Protocol	channel model	추가 mechanism	핵심 한계/변화
`rdt2.0`	data packet bit errors	checksum, ACK, NAK, retransmission	ACK/NAK corruption을 처리하지 못함
`rdt2.1`	data와 ACK/NAK corruption	sequence number 0/1, ACK/NAK checksum	sender/receiver state가 seq 0/1 기준으로 두 배가 됨
`rdt2.2`	NAK 없는 bit-error channel	ACK에 acknowledged sequence number 포함, duplicate ACK 활용	NAK 대신 마지막 correctly received packet에 대한 ACK를 반복

rdt2.2의 포인트는 NAK 없이도 NAK와 같은 효과를 낼 수 있다는 것이다. receiver가 corrupted packet을 받거나 expected sequence number가 아닌 packet을 받으면, 마지막으로 올바르게 받은 packet에 대한 ACK를 다시 보낸다. sender가 같은 ACK를 두 번 받으면 duplicate ACK를 통해 다음 packet이 제대로 수신되지 않았음을 추론한다.

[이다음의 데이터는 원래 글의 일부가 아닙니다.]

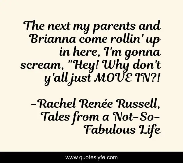 This page presents the quote "The next my parents and Brianna come rollin' up in here, I'm gonna scream, "Hey! Why don't y'all just MOVE IN?!". Author of this quote is Rachel Renée Russell, Tales from a Not-So-Fabulous Life. This quote is about humor, parents, teenagers,.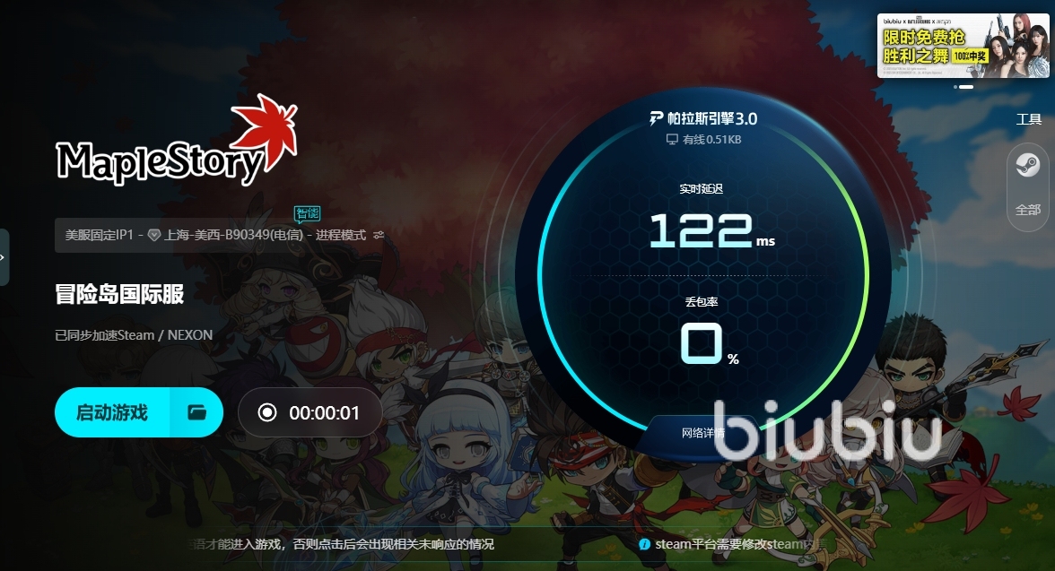 總結(jié)一下,無論冒險(xiǎn)島閃退是什么原因,大多數(shù)情況下就是網(wǎng)絡(luò)造成的,畢竟無論是文件丟失還是硬盤空間不足,對大多數(shù)玩家來說都是小概率時(shí)間,另外,使用biubiu加速器,其所解決的可不僅是閃退,常見的卡頓,掉幀延遲等問題同樣可以輕松解決。

rdt3.0: lossy channel과 timer

이제 underlying channel이 packet corruption뿐 아니라 packet loss도 일으킨다고 하자. sender는 data packet이나 ACK가 lost되면 아무 feedback도 받지 못한다. 따라서 sender가 loss를 감지하고 recovery하려면 timer가 필요하다.

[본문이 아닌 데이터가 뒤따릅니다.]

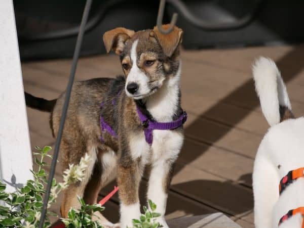 Wie ihre kleinen Kumpelinen ist auch Stacy mit den Katzen indoor fein. Draußen ist noch etwas Management notwendig, aber es ist generell ein gutes Miteinander.

sender는 packet을 보낼 때 countdown timer를 시작한다. timeout 전에 올바른 ACK가 오면 timer를 멈추고 다음 sequence number로 넘어간다. timeout이 발생하면 sender는 마지막 packet을 retransmit하고 timer를 다시 시작한다. timeout은 “정말 lost됐다”는 완전한 증거가 아니라 “lost됐을 가능성이 충분히 크다”는 판단이다. 그래서 long delay 때문에 duplicate retransmission이 생길 수 있지만, sequence number가 duplicate delivery를 막는다.

rdt3.0 sender

_{Figure 3.15 · PDF p. 222 · lossy channel에서 timer와 retransmission을 추가한 rdt3.0 sender FSM}

rdt3.0은 sequence numbers가 0과 1 사이를 번갈아 움직이므로 alternating-bit protocol이라고도 한다. 핵심 동작은 다음과 같다.

send packet with seq 0
start timer
if ACK 0 arrives before timeout:
    stop timer
    send next packet with seq 1
else if timeout:
    retransmit packet with seq 0
    restart timer

Operation of rdt3.0

_{Figure 3.16 · PDF p. 223 · no loss, lost data packet, lost ACK, premature timeout 상황에서 rdt3.0이 동작하는 방식}

이 지점까지 reliable data transfer의 핵심 부품이 모두 등장한다.

Mechanism	해결하는 문제
`checksum`	bit corruption detection
`ACK/NAK` 또는 duplicate ACK	receiver feedback
`sequence number`	duplicate packet detection, ordering
`timer`	packet/ACK loss detection
`retransmission`	loss/corruption recovery

다음 구간의 pipelining, Go-Back-N, Selective Repeat은 이 부품들을 유지하면서 stop-and-wait의 낮은 utilization 문제를 해결하려는 확장이다.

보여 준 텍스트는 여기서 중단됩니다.